- The poster for Dream.10: Welter Weight Grand Prix 2009 Final Round
- Promotion: Dream
- Date: July 20, 2009
- Venue: Saitama Super Arena
- City: Saitama, Japan
- Attendance: 11,970

Event chronology
| Dream.9: Feather Weight Grand Prix 2009 Second Round | Dream.10: Welter Weight Grand Prix 2009 Final Round | Dream.11: Feather Weight Grand Prix 2009 Final Round |

= Dream 10 =

Mixed martial arts event in 2009

Dream.10: Welter Weight Grand Prix 2009 Final Round was a mixed martial arts event promoted by Fighting and Entertainment Group's mixed martial arts promotion Dream on July 20, 2009. Dream's welterweight division has a 76 kg weight limit. The event was broadcast live in North America on HDNet.

==See also==
- Dream (mixed martial arts)
- List of Dream champions
- 2009 in DREAM

==Notes==
- An early report suggested that Joachim Hansen would defend his DREAM Light Weight Championship against Shinya Aoki at DREAM.10.
- Three undercard bouts were announced for DREAM.10 during the intermission of DREAM.9. These bouts included Shinya Aoki versus Vítor Ribeiro, Melvin Manhoef versus Paulo Filho, and Katsunori Kikuno versus Andre Amade.

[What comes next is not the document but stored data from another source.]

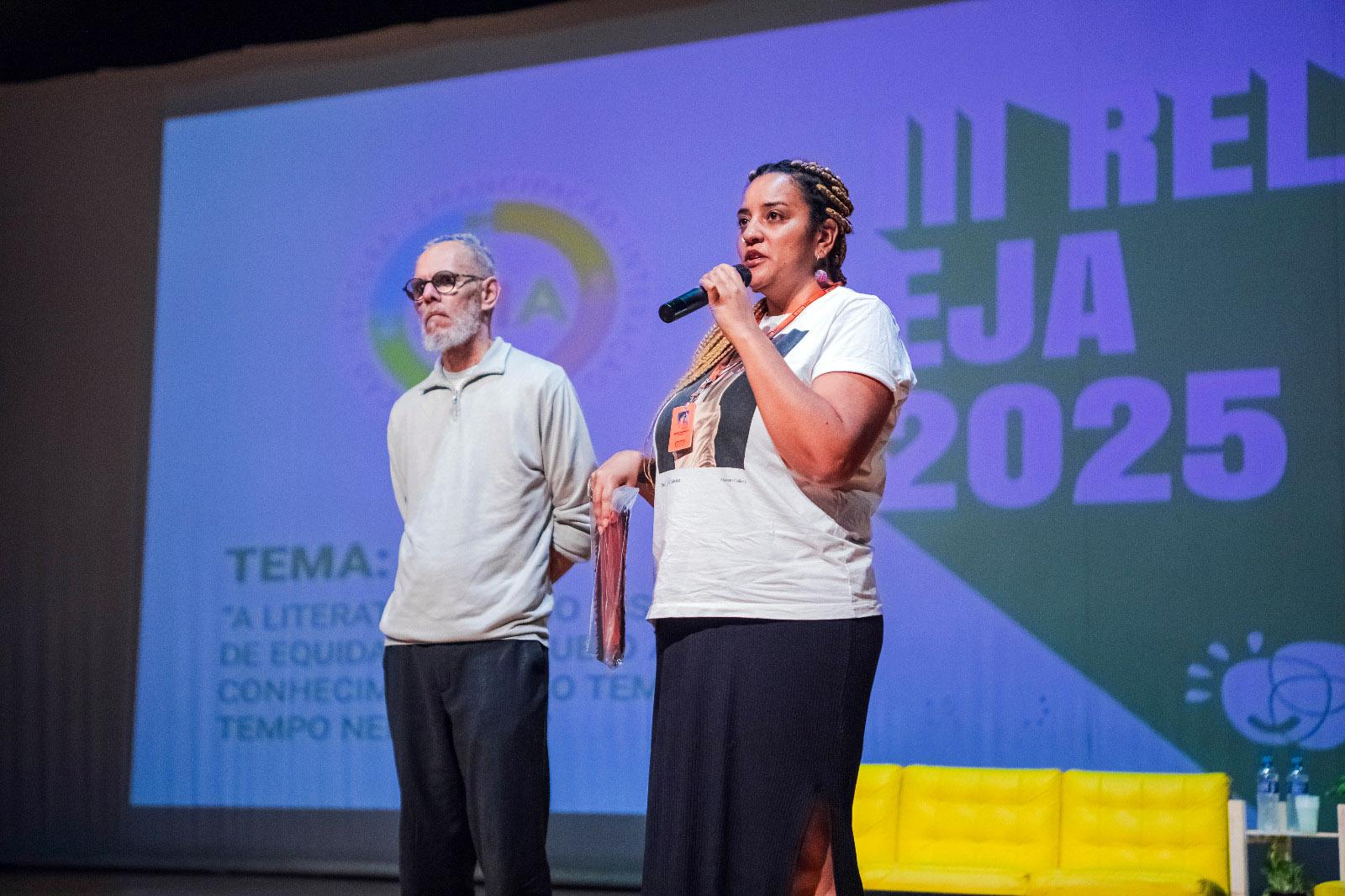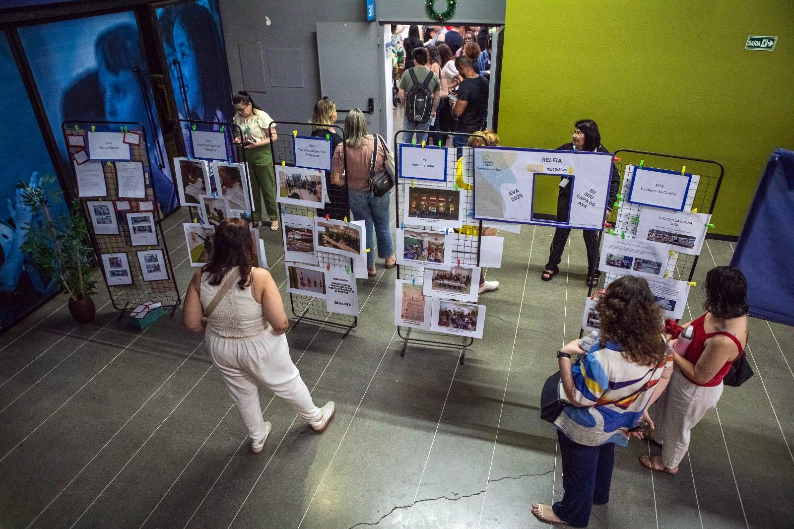 Professores e educandos da modalidade Educação de Jovens e Adultos (EJA) participaram na noite de terça-feira (2) do Releia EJA 2025, no Teatro Adamastor, reunião de encerramento do processo formativo do programa LEIA, que reflete o trabalho realizado durante todo o ano. A partir do tema “A leitura como instrumento de equidade: porque o acesso ao conhecimento não tem tempo e nem idade”, foram apresentadas mostras culturais e exposição de trabalhos dos educandos.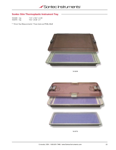Sontec Slim Thermoplastic Instrument Tray 18-3209 tray 10.3˝ x 18.3˝ x 2.33 18-3270 tray 18.3˝ x 8.35˝ x 2˝ * “Check Your Measurements”, These items are FINAL SALE 18-3209 18-3270 Colorado, USA / 1.800.821.7496 / www.SontecInstruments.com 23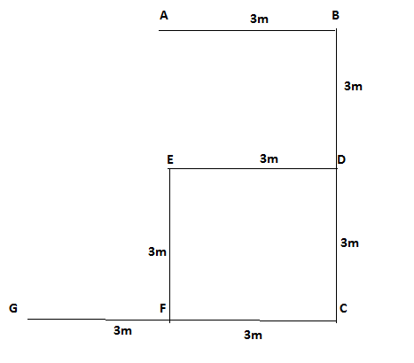 A stands 3 meter west of B, who stands 6 meter north of C. D stands 3 meter east of E, who stands 3 meter north of F. G stands 6 meter west of C, who stands 3 meter east of F.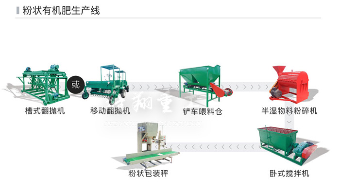 小型的粉狀有機(jī)肥生產(chǎn)線,適合剛起步的、資金不足的企業(yè)。生產(chǎn)能力不足的,或者資金不夠的廠家可以直接發(fā)酵腐熟之后粉碎即可作為粉狀有機(jī)肥料使用,包裝是為了順應(yīng)環(huán)保生產(chǎn)的要求,運(yùn)輸途中避免粉塵污染以及不必要的損失。下圖為年產(chǎn)2000~5000噸的豬糞有機(jī)肥生產(chǎn)線,主要包括發(fā)酵、粉碎、包裝三個(gè)環(huán)節(jié),其余的生產(chǎn)設(shè)備都只是為了提高生產(chǎn)線的自動(dòng)化程度以及增加有機(jī)肥料的營(yíng)養(yǎng)含量,可根據(jù)客戶需要進(jìn)行刪改。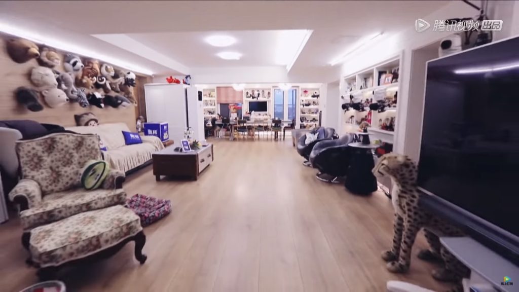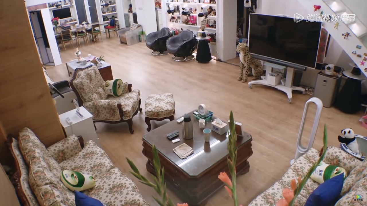 Besides a huge space with treadmills and equipment for working out, cushion covers and other items from advertising sponsors also caught the attention of viewers. Despite supposedly living alone, Li Chen has a long dining table with at least seven seats.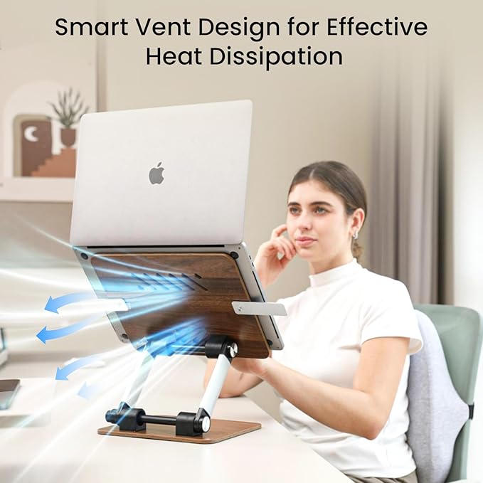 - ☝【Upgraded Heat Dissipation Design】There are hollow cutouts on the panel of the laptop stand. These incisions are designed to provide better airflow, prevent laptops and tablets from overheating, and effectively cool the devices to 5-8 ℃ for more stable operation.

Following a short promotional video, Shinya Aoki, Katsunori Kikuno, and Hayato Sakurai each entered the ring, and gave brief addresses to the audience.
- After fulfilling a one-fight contract with Zuffa, LLC at UFC 99, Mirko Filipović was rumored to have re-signed with FEG for participation at DREAM.10. Siala-Mou "Mighty Mo" Siligia was rumored to be Filipovic's opponent on the card. However, the bout was scrapped after Zuffa Chairman Lorenzo Fertitta flew to Zagreb, Croatia to reopen contract negotiations with Filipovic.